A Place Where Flowers Grow
Of Maggie—our joyful, curious, unhurried six-year-old—on her golden birthday
One weekend this winter, Middle Tennessee endured its worst ice storm in over 30 years. Snow began to fall on a Saturday morning, and it would give way to ice by the mid-afternoon that day. My daughter Maggie and I spent part of that Saturday morning working a big puzzle in the shape of a rooster while sitting at the dining room table. Daisy, our two-year-old, played with mommy “uppy-stairs.”
Maggie is a puzzle pro, and because of my pretty severe colorblindness, I am definitively not a puzzle pro, so Maggie patiently lets me help her work puzzles. Usually I’m tasked with getting all of the edge pieces together to make the frame, but this puzzle has no such pieces given that it is in the shape of a literal rooster. Because of this, I felt particularly helpless on this puzzle.
We sat and talked and puzzled at the kitchen table for a while as the snow began to fall, and by the time we had finished probably two-thirds of the giant rooster, Daisy called from the uppy-stairs:
“Maggie! Come uppy-stairs and pay wif me!?”
Maggie called back something like,
“No, Sissy. I’m doing a puzzle with daddy right now!”
Then Maggie turned to me, and said,
“I’m having fun with you, and that’s all I care about right now.”
Maggie can struggle to stay on task at school sometimes, especially if reading a story brings to mind a story of her own she wants to share. But when she spends quality time with people she loves, she is relentlessly present. She gets this from her mother more than anyone else.
May I learn from her even as I do what I can to help her learn.
—
Many days, when it’s nice outside, our family will spend the afternoon hours after Maggie gets home from school and before dinner playing out in our front yard or on our driveway. Often we’re riding bikes, scooters, or maneuvering the other toy vehicles that take up one bay of our two-car garage. Sometimes we’re playing kickball or hitting a tennis ball back-and-forth.
A few weeks ago, some flowers and trees had just begun to bloom and violets were poking up through the barely-alive grass and other assorted weeds. Our family pickup kickball game was abruptly paused when Maggie began picking the violets out of the grass and collecting them in a bug net—Daisy, as always, followed closely behind.
At one point, Maggie shouted toward Susie and me, as we were sitting in the garage watching them pluck, and said:
“Mama, we’re so lucky to live in a place where flowers grow!”
Most of us live in places where flowers grow. And I suspect that, unless we are passionate gardeners, most of us aren’t stopping to smell or otherwise enjoy the flowers around us very much. Certainly most of us mow over the violets that crop up in the middle of our grass along with whatever other kinds of weeds invade.
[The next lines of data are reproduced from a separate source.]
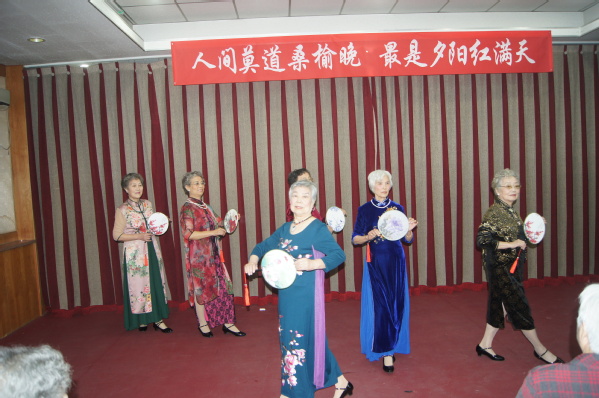 石板房舞蹈队广场舞和交谊舞烘托了现场气氛,舞姿优美,动作舒展大方。六位平均七十五岁气质上佳、仪态大方的女老师表演的旗袍秀,身着旗袍、手执香扇,婀娜多姿走出了老年人的风采。舞蹈队老同志们的风采正所谓“日出江山丽 花绽岁月香”,时光虽带走了青春却沉淀了芬芳。现场观众纷纷举起手机记录着精彩瞬间。
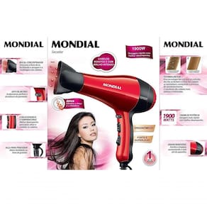 Secador De Cabelos Mondial 1900w Ion Tourmaline Red 220v Se você está procurando um secador potente e prático para secar os cabelos no dia a dia acaba de encontrar: Secador Mondial. Apresenta 1.900W, 3 temperaturas e 2 velocidades. Além disso, tem Tourmaline Íon que deixa os cabelos mais saudáveis, hidratados e com brilho. E para manusear é super fácil, pois além de ser leve, possui formato ergonômico.Características:Tourmaline Íon: elimina o frizz e a estáticaBocal direcionador: facilita a secagem e a modelagem dos cabelosAlça para pendurar: fácil de guardarErgonômico: auxilia no manuseioSuperleveAlto desempenho: 1900W de potênciaTourmaline: Potencializa a emissão de íonsCombina velocidades e temperaturas para modelar e secar os cabelos de acordo com sua necessidadeMaterial: PPEspecificações:Potência (W) 1900Voltagem 220V (Esse produto não é Bivolt)Cor Vermelho/PretoComprimento do fio 180 cmAcessórios 01 Bocal direcionadorConteúdo da Embalagem1 Secador de Cabelos Mondial 1 Bocal direcionador1 Manual de Instruções1 Manual de Assistência Técnica Ean: 7898490163519
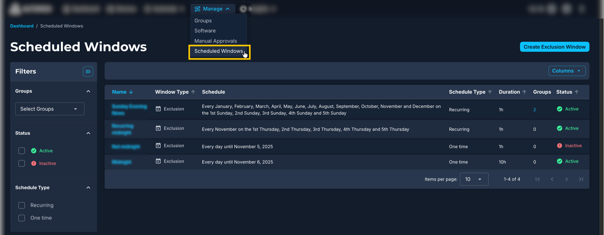 Use Scheduled Windows to control when Automox performs or pauses tasks on devices. This page lists all scheduled windows in your organization. You can currently schedule exclusion windows, which allow you to pause tasks such as patching, policy execution, or worklets.

What I love most, I think, about Magnolia is her unmatched ability to fully and completely enjoy everything about the world around her. She is often unconcerned with where she needs to be going. She is rarely in any sort of rush. She is constantly taking in her surroundings, curiously examining every sight, sound, and smell, and either enjoying what she loves or asking questions about what she doesn’t understand.
Now, does this make her difficult to teach sometimes? Yes, we hear that it does. Does it also make her difficult to parent sometimes? Absolutely. And we are doing all we can to give Maggie a bit more urgency and discipline without suffocating her curiosity and appreciation of every last bit of her world.
I think it’s fair to say that all of us have some remarkable qualities that inevitably come with some costs we wish we could eliminate but that are inseparable from whatever it is that makes us remarkable. Growing in discipline requires us to embrace the beautiful parts of who God has made us to be while also recognizing we live in a world with other people we are called to consider more important than ourselves.
That said, I’ll take being late from time-to-time if it means I can move about my world with a heart that is grateful to live in a place where flowers grow. And as a restless, tired, father of two little girls who just happened to both be named after flowers, I would do well to stop and be a bit more appreciative to live in a place where flowers grow.
Happy golden birthday, Maggie. I am so grateful you are one of the flowers I get to watch grow.



I grandparent (with 90% of the responsibility) one of these children. The sweet moments almost make your heart burst. And the hard moments have you crying out to God for wisdom and strength and the ability to not crush any of their God given beauty.
I love this so much! Thank you, Chris! Love you all!